I am often asked how Little Sprouts Farm is different. To answer that here is a list of some of our basic farm rules that govern all that we do as a foundation to everything else. They are in no particular order. Some of these are self-learned, some are from respected authors and mentors. All of these are important to our success as a sustainable farm. How we are different is that many of these (if not all) are contrary to standard factory farming practices.
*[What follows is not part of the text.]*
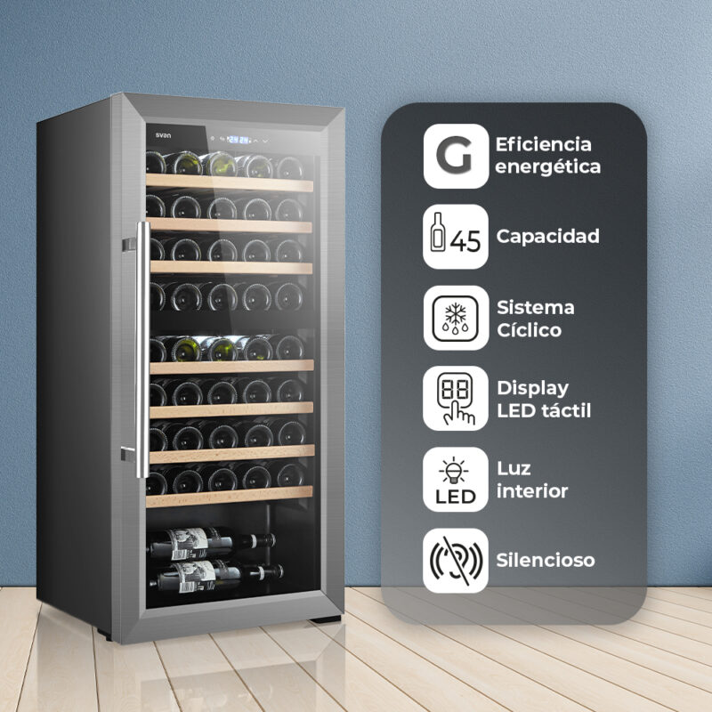 Vinoteca Svan Cíclico 127L 45Bot G 110,5cm 51cm 48,2cm Negro Display táctil Doble Zona 1Puerta

To define a common factory farm, done to government specs, just take the opposite of these rules.
- If it smells bad, you are not doing it right.
- If children can not safely assist in activities, you are not doing it right.
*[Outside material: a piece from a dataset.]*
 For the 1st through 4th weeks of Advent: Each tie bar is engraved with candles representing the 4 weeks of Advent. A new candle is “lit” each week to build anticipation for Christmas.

- If it doesn’t happen in nature, it’s not natural.
- Every farm animal should be free to express its instincts and live with respect.
- People deserve openness and transparency in all aspects, especially in their most basic need: food production.
- If the soil doesn’t improve from year to year in all aspects, you are not doing it right.
- Plants that don’t reproduce true on their own, are not intended to be grown.
- No man-made chemical has ever improved on the natural methods, in the long run.
- Success in nature exists only as a delicate balance between different species, not as single crops or animals.
- The secret to nature is balance, too much of any one thing is bad, it is the balance between many things, sometimes hundreds, that makes life successful.
- Caring for the earth (animals, plants, and environment) is man’s first God-given responsibility (aside from multiplying).
- Farming is about nutrition and people, not plants, animals, and profits.
- Never try to improve nor alter something you don’t yet understand.
- If it doesn’t work year after year, it shouldn’t be done today.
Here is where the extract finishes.